On 03/27/2019 06:24 PM, Alex Williamson wrote:
On Wed, 27 Mar 2019 09:38:47 -0400
Farhan Ali <alifm@xxxxxxxxxxxxx> wrote:
Hi Alex,
I am seeing a warning in the vfio driver with the 5.0 linux kernel on an
s390 system:
[ 4050.264464] ------------[ cut here ]------------
[ 4050.264508] do not call blocking ops when !TASK_RUNNING; state=1 set
at [<00000000b33c00e2>] prepare_to_wait_event+0x14a/0x188
[ 4050.264529] WARNING: CPU: 12 PID: 35924 at kernel/sched/core.c:6112
__might_sleep+0x76/0x90
....
[ 4050.264636] CPU: 12 PID: 35924 Comm: sh Tainted: G W
5.0.0-00016-g4ef69cfc84b1-dirty #12
[ 4050.264646] Hardware name: IBM 2964 NE1 749 (LPAR)
[ 4050.264654] Krnl PSW : 0704d00180000000 000000000017bbae
(__might_sleep+0x76/0x90)
[ 4050.264668] R:0 T:1 IO:1 EX:1 Key:0 M:1 W:0 P:0 AS:3 CC:1
PM:0 RI:0 EA:3
[ 4050.264678] Krnl GPRS: 00000000361d853f 0000000080000000
0000000000000072 00000000001d05e2
[ 4050.264691] 0000000000000007 0000000000bb3c20
000003ff800d7abe 000003e013823b58
[ 4050.264700] 0000000000000002 000003ff800d7abe
0000000000000000 000000000000038c
[ 4050.264708] 0000000000dd96e4 0000000800000000
000000000017bbaa 000003e013823910
[ 4050.264724] Krnl Code: 000000000017bb9e: c0200062dc5d larl
%r2,dd7458
000000000017bba4: c0e5fffe5012 brasl
%r14,145bc8
#000000000017bbaa: a7f40001 brc
15,17bbac
>000000000017bbae: b904004a lgr
%r4,%r10
000000000017bbb2: b904003b lgr
%r3,%r11
000000000017bbb6: b904002c lgr
%r2,%r12
000000000017bbba: ebaff0a00004 lmg
%r10,%r15,160(%r15)
000000000017bbc0: c0f4fffffe8c brcl
15,17b8d8
[ 4050.264756] Call Trace:
[ 4050.264765] ([<000000000017bbaa>] __might_sleep+0x72/0x90)

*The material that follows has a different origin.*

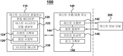 2제 1 항에 있어서, 상기 테스트 시나리오 편집유닛은, 상기 테스트 시나리오 모델을 생성하는 테스트 시나리오 모델 생성부; 상기 이벤트를 기록하는 이벤트 기록부; 및 테스트 수행 순서를 변경하는 정보 수정부를 포함하여 구성됨을 특징으로 하는 상태 기반의 테스트 시나리오 모델을 이용한 GUI 테스트 장치.

[ 4050.264774] [<0000000000b97edc>] __mutex_lock+0x44/0x8c0
[ 4050.264782] [<0000000000b9878a>] mutex_lock_nested+0x32/0x40
[ 4050.264793] [<000003ff800d7abe>] vfio_group_get_device+0x36/0xa8 [vfio]
[ 4050.264803] [<000003ff800d87c0>] vfio_del_group_dev+0x238/0x378 [vfio]

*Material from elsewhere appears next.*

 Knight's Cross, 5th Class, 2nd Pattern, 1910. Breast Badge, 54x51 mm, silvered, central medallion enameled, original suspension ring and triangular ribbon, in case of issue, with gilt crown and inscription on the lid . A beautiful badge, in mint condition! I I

[ 4050.264813] [<000003ff8015f67c>] mdev_remove+0x3c/0x68 [mdev]
[ 4050.264825] [<00000000008e01b0>]
device_release_driver_internal+0x168/0x268
[ 4050.264834] [<00000000008de692>] bus_remove_device+0x162/0x190
[ 4050.264843] [<00000000008daf42>] device_del+0x1e2/0x368
[ 4050.264851] [<00000000008db12c>] device_unregister+0x64/0x88
[ 4050.264862] [<000003ff8015ed84>] mdev_device_remove+0xec/0x130 [mdev]
[ 4050.264872] [<000003ff8015f074>] remove_store+0x6c/0xa8 [mdev]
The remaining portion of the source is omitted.